_Data section_:
---

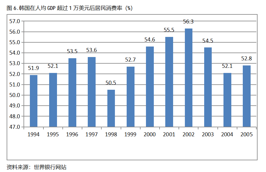 韓國在人均GDP超過1萬美元后的12年期間,居民消費率一直保持在50.0%以上,呈現(xiàn)出較長時間的提高,但后幾年出現(xiàn)小幅的回落。韓國在1994年人均GDP超過1萬美元,當(dāng)年居民消費率為51.9%,2002提高到56.3%,隨后出現(xiàn)回落,2005年為52.8%,也就是說,韓國在人均GDP超過1萬美元后的12年期間,居民消費率由當(dāng)年的51.9%提高到2002年最高的56.3%,共提高了4.4個百分點。
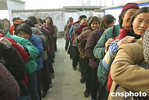 在河南省駐馬店市上蔡縣蘆崗鄉文樓村衛生所,村民們排隊等候領取免費藥品。文樓村是一個艾滋病疫情高發村,三千二百多村民中有數百人染上愛滋病。現在村民凡出現頭疼、拉肚子的癥狀,都能在衛生所領取免費藥物。作者:慎重
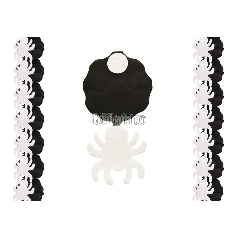 Guirnalda Vertical Araña – Negro y Blanco x2 Metros Tamaño: 2 metros total – 25 cm c/u Material: Papel Modelo: Araña en Tela de Araña
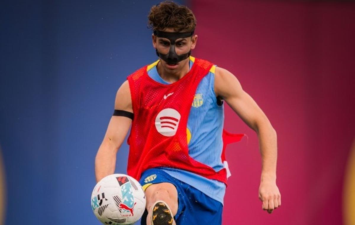 Fermín López entrenó este martes en la Ciutat Esportiva Joan Gamper con una máscara protectora. El mediapunta, que recibió una patada en la cara del portero del Atlético, Marco Danilo Musso, el miércoles en la Champions, vuelve a sumarse a sus compañeros antes del partido de LaLiga contra el Celta.

---

_Work order_: Omit all images when repeating the data above exactly.

_Task response_:
 韓國在人均GDP超過1萬美元后的12年期間,居民消費率一直保持在50.0%以上,呈現(xiàn)出較長時間的提高,但后幾年出現(xiàn)小幅的回落。韓國在1994年人均GDP超過1萬美元,當(dāng)年居民消費率為51.9%,2002提高到56.3%,隨后出現(xiàn)回落,2005年為52.8%,也就是說,韓國在人均GDP超過1萬美元后的12年期間,居民消費率由當(dāng)年的51.9%提高到2002年最高的56.3%,共提高了4.4個百分點。
 在河南省駐馬店市上蔡縣蘆崗鄉文樓村衛生所,村民們排隊等候領取免費藥品。文樓村是一個艾滋病疫情高發村,三千二百多村民中有數百人染上愛滋病。現在村民凡出現頭疼、拉肚子的癥狀,都能在衛生所領取免費藥物。作者:慎重
 Guirnalda Vertical Araña – Negro y Blanco x2 Metros Tamaño: 2 metros total – 25 cm c/u Material: Papel Modelo: Araña en Tela de Araña
 Fermín López entrenó este martes en la Ciutat Esportiva Joan Gamper con una máscara protectora. El mediapunta, que recibió una patada en la cara del portero del Atlético, Marco Danilo Musso, el miércoles en la Champions, vuelve a sumarse a sus compañeros antes del partido de LaLiga contra el Celta.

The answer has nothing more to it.